Un amour de papier
Nouvelle écrite en 1992
Publiée dans le recueil Ma plus belle histoire d’amour aux éditions Belgique Loisirs (1992)
Publiée par M.E.O. en 2024 dans le recueil Ainsi va la vie, ainsi va la mort
Deux pensionnats contigus, un pour filles, un pour garçons. Seul point de jonction, la chapelle et la messe hebdomadaire. Amours de potaches, entravés et contraints, sans intérêt pour Véronique. Elle rêve d’autre chose. Elle sera servie.
Une relation par lettres interposées, et rien d’autre, sans jamais se voir, parce que c’est impossible, compte tenu des circonstances. Ne connaître de l’autre que ce qu’il nous confie, cela peut mener à bien des surprises.
Mieux vaut savoir où on met les pieds.
Deuxième prix du concours de nouvelles de Belgique-Loisirs
Présentation
Une nouvelle écrite pour participer au concours organisé par Belgique Loisirs en 1992, sur le thème « ma plus belle histoire d’amour ».
Fictive, l’histoire de cette jeune fille qui, pour briser la monotonie du pensionnat, décide d’élargir ses horizons. Deux pensionnats, filles, garçons. Aucun contact entre les deux mondes, si ce n’est la messe hebdomadaire. Amourettes plus rêvées que vécues. Sévérité religieuse des deux côtés. Le décor est planté. Amours en fleurs… amours en pots.
Et cela ne suffit plus à Véronique. Cette année-là, à la rentrée, elle envoie une petite annonce et, miracle, reçoit une réponse. Elle vivra un amour épistolaire plutôt extraordinaire. Mais la réalité va la rattraper d’une manière singulière…

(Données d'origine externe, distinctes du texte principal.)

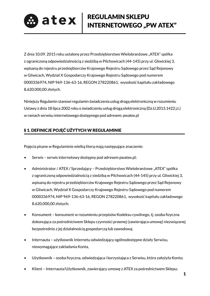 a tex REGULAMIN SKLEPU INTERNETOWEGO „PW ATEX” Z dnia 10.09. 2015 roku ustalony przez Przedsiębiorstwo Wielobranżowe „ATEX” spółka z ograniczoną odpowiedzialnością z siedzibą w Pilchowicach (44-145) przy ul. Gliwickiej 3, wpisaną do rejestru przedsiębiorców Krajowego Rejestru Sądowego przez Sąd Rejonowy w Gliwicach, Wydział X Gospodarczy Krajowego Rejestru Sądowego pod numerem 0000336974, NIP 969-136-63-16, REGON 278220861, wysokość kapitału zakładowego 8.620.000,00 złotych. Niniejszy Regulamin stanowi regulamin świadczenia usług drogą elektroniczną w rozumieniu Ustawy z dnia 18 lipca 2002 roku o świadczeniu usług drogą elektroniczną (Dz.U.2013.1422 j.t.) w ramach serwisu internetowego dostępnego pod adresem: pwatex.pl § 1. DEFINICJE POJĘĆ UŻYTYCH W REGULAMINIE Pojęcia pisane w Regulaminie wielką literą mają następujące znaczenie: • Serwis – serwis internetowy dostępny pod adresem pwatex.pl; • Administrator / ATEX / Sprzedający – Przedsiębiorstwo Wielobranżowe „ATEX” spółka z ograniczoną odpowiedzialnością z siedzibą w Pilchowicach (44-145) przy ul. Gliwickiej 3, wpisaną do rejestru przedsiębiorców Krajowego Rejestru Sądowego przez Sąd Rejonowy w Gliwicach, Wydział X Gospodarczy Krajowego Rejestru Sądowego pod numerem 0000336974, NIP 969-136-63-16, REGON 278220861, wysokość kapitału zakładowego 8.620.000,00 złotych; • Konsument – konsument w rozumieniu przepisów Kodeksu cywilnego, tj. osoba fizyczna dokonująca za pośrednictwem Sklepu czynności prawnej (zawierająca umowę) niezwiązanej bezpośrednio z jej działalnością gospodarczą lub zawodową; • Internauta – użytkownik Internetu odwiedzający ogólnodostępne działy Serwisu, niewymagające zakładania Konta, • Użytkownik – osoba fizyczna, odwiedzająca i korzystająca z Serwisu, która założyła Konto; • Klient – Internauta/Użytkownik, zawierający umowę z ATEX za pośrednictwem Sklepu; 1 • Konto – wydzielona przestrzeń w ramach Serwisu, przypisana dla danego Użytkownika, na której ten zamieszcza swoje dane pozwalające zidentyfikować Użytkownika, zabezpieczona loginem i hasłem; • Sklep – dział Serwisu, dostępny pod adresem pwatex.pl, za pośrednictwem którego Klienci mogą nabywać Towary i Usługi; • Zamówienie – oświadczenie złożone przez Klienta, stanowiące ofertę zawarcia Umowy sprzedaży, określające w szczególności rodzaj i liczbę Towaru. • Towary – rzeczy w rozumieniu Kodeksu cywilnego, będące przedmiotem umowy zawieranej za pośrednictwem działu Sklep w Serwisie; • Usługi – usługi, będące przedmiotem umowy zawieranej za pośrednictwem działu Sklep w Serwisie; • Regulamin – niniejszy Regulamin Serwisu i Sklepu „PW ATEX”. § 2. ZAKRES ZASTOSOWANIA REGULAMINU Regulamin ma zastosowanie do wszystkich umów zawieranych pomiędzy ATEX, a Użytkownikami za pośrednictwem Serwisu. Za pośrednictwem Sklepu Klienci mogą zawierać umowy w przedmiocie nabywania Towarów oraz Usług, na zasadach określonych w § 7 Regulaminu. § 3. WYMAGANIA TECHNICZNE Aby skorzystać z Serwisu niezbędne jest spełnienie następujących warunków technicznych: • komputer typu PC, smartfon; • dostęp do Internetu; • zainstalowana przeglądarka internetowa Microsoft Internet Explorer w wersji 9.0 lub nowszej, Mozilla Firefox w wersji 3.0 lub nowszej, Opera w wersji 20.0 lub nowszej albo Google Chrome 30.0 lub nowszej; • Acrobat Reader – lub inny program umożliwiający otwierania plików PDF; 2 • włączona obsługa plików cookies. • posiadanie łącza o prędkości co najmniej 2 Mbps. W ramach Serwisu wykorzystywane są pliki cookies, które zapisywane są w systemie teleinformatycznym Internauty. Pliki te wykorzystywane są w celach technicznych do poprawnego działania Serwisu. Szczegóły związane z wykorzystywaniem plików Cookies zostały określone w Polityce prywatności dostępnej na stronie http://www.pwatex.pl/pl/i/Polityka-Cookies/13 § 4. POSTANOWIENIA OGÓLNE Warunkiem złożenia Zamówienia w Sklepie przez Klienta jest zapoznanie się z niniejszym Regulaminem i akceptację jego postanowień podczas składania Zamówienia. Nieznajomość Regulaminu nie zwalnia Klienta ze stosowania zawartych w nim zasad. Podczas składania zamówień w Sklepie Klient potwierdza fakt zapoznania się z niniejszym Regulaminem i potwierdza, że akceptuje go w obowiązującej w dniu składania zamówienia formie. Za pośrednictwem Sklepu ATEX prowadzi sprzedaż detaliczną i hurtową Towarów za pośrednictwem sieci Internetowej. Wszystkie Towary oferowane w sklepie odpowiadają podanym parametrom jakościowym, są oryginalne zapakowane, wolne od wad fizycznych i prawnych, oraz zostały legalnie wprowadzone na rynek polski. Dostęp do ogólnodostępnych działów Serwisu jest możliwy dla Internautów na zasadach określonych w Regulaminie, przez całą dobę, siedem dni w tygodniu, z wyjątkiem: • okresów wynikających z ograniczeń w dostępie narzuconych przez operatorów sieci, z których korzysta Internauta; • okresów awarii, w tym będących skutkiem działań lub zaniechań osób trzecich; • okresów konserwacji sprzętu i oprogramowania. § 5. REJESTRACJA 3 Internauta może założyć Konto poprzez dokonanie rejestracji: • Rejestracja odbywa się za pomocą Formularza Rejestracyjnego i aktywacji konta drogą korespondencji elektronicznej, poprzez kliknięcie w link znajdujący się w wysłanej wiadomości elektronicznej. • Dokonanie rejestracji i utworzenie Konta jest całkowicie dobrowolne i nie zobowiązuje Użytkownika do dokonania zakupów w Sklepie. • Dokonanie rejestracji i założenie Konta oznacza zaakceptowanie przez Użytkownika postanowień Regulaminu (Użytkownik zobowiązany jest do zaznaczenia treści oświadczenia w tym zakresie) oraz wyrażenie zgody na przetwarzanie danych osobowych przez Administratora (Użytkownik zobowiązany jest do zaznacz

La nouvelle a obtenu le deuxième prix, sur des « centaines et centaines » de nouvelles, dont cent ont été retenues pour la sélection finale. Elle a été publiée en 1992 dans le recueil intitulé Ma plus belle histoire d’amour – éditions Belgique Loisirs.
Extrait
Christopher me fit pénétrer le ténébreux univers des agents secrets mais surtout le merveilleux domaine des amours clandestines. Peu à peu, je tombais amoureuse d'une ombre dont je ne savais que ce qu'il voulait bien m'écrire, mais dont j'étais prête à tout croire. Surtout qu'il m'écrivait de si jolies choses, qu'il m'envoyait des fleurs séchées, des plumes d’oiseaux, des bouts de rêve où il faisait rimer mes yeux de cristal avec le parfum du santal, où il donnait à mon double plus de consistance que je ne lui en donnais moi-même.
Cet amour insolite m'ancrait paradoxalement dans la vie beaucoup plus sûrement que ma pâle scolarité et me donnait une formidable impression de supériorité sur mes copines de classe. Je ne déplorais qu'une chose : il m'écrivait à la machine. Par prudence sans doute. Mais une lettre d'amour dactylographiée perd beaucoup de son charme et donne l'impression d'une circulaire.
Le soir dans mon lit, au lieu de réviser mes cours, je relisais l'une ou l'autre lettre avec la certitude que mon Christopher pouvait en remontrer aux plus grands. Je me faisais un cinéma du tonnerre. J’étais heureuse.
C'était compter sans la mesquinerie de mes amies. Voyant s'amonceler les lettres dont je gardais même les enveloppes, Maryse, ma voisine de couloir, qui avait la langue acérée et cinq paires d'yeux aux aguets, se montrait de plus en plus curieuse et menaçait de prévenir la religieuse chargée de surveiller notre moralité. Ses antennes lui disaient que c'étaient des "lettres de garçon".
J'étais pensionnaire puisque mes parents, artistes tous les deux, étaient sans cesse en tournée. Ils m’écrivaient régulièrement. J'avais une excellente cachette : je glissais tout mon courrier dans une grosse chemise de toile entre les éléments de mon radiateur. Et mon amour comme un abricot mûrissait dans la chaleur et la poussière à l'abri de toute inquisition. Ni la religieuse préposée au service des chambres ni l'épineuse Maryse n'ont jamais rien trouvé. Je fus bien ennuyée cependant le jour où mon amoureux de papier me réclama une photo.